Петербургский врач 4 (СИ), стр. 18

— Вы не понимаете!

— Она пациентка этой больницы, — сказал я. — У нее сотрясение мозга. Посещения запрещены.

— Мне плевать на ваши запреты! Ада! Ада, вернись! Вернись сейчас же, или… Ты пожалеешь, слышишь?

Вот так. Минуту назад она была его вдохновением, теперь уже «пожалеешь». Быстрая смена настроения. А не кокаинист ли ты часом, мил человек.

Он снова дернулся вперед. Я перехватил его за ворот пиджака, собрав ткань в кулак, и второй рукой ухватил сзади за ремень. Он дернулся, но я держал крепко.

— Пустите! Это насилие!

— Насилие в разумных пределах разрешал даже Лев Толстой. Наверное.

Я протащил Ланского через коридор. Он перебирал ногами, пытался упираться, кричал что-то про произвол и вызов к барьеру. Бархатный пиджак трещал по швам.

На крыльце я швырнул его подальше Каменные ступеньки Ланской преодолел в полете.
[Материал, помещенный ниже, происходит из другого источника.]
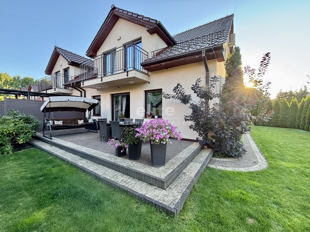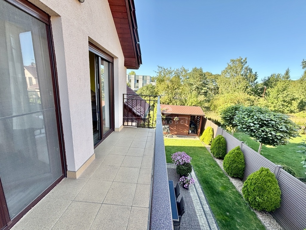 Dom usytuowany jest na działce o powierzchni 354 m², z pięknie zagospodarowanym ogrodem wyposażonym w automatyczny system nawadniania

Приземлится на ноги у него не получилось, и он благополучно свалился в осеннюю грязь.

— Вон отсюда или сдам городовому, — сказал я.

— Вы… вы ответите за это! Я сам напишу на вас заявление! И в газету! Пусть все знают, как ведут себя врачи в наших больницах! Вы не знаете, с кем связались!

— В газету хорошо, — согласился я. — Напишите, что избили женщину и получили за это по заслугам. Интересная будет заметка.

Он поднялся, шатаясь, посмотрел на свои руки — все в грязи — и ушел, не оглядываясь. В драку не полез. Правильно сделал. Хоть и пьяный, а самосохранение сработало.

Прохор выглянул в дверь.

— Дурак, — сказал он.

— Поэт, — усмехнулся я.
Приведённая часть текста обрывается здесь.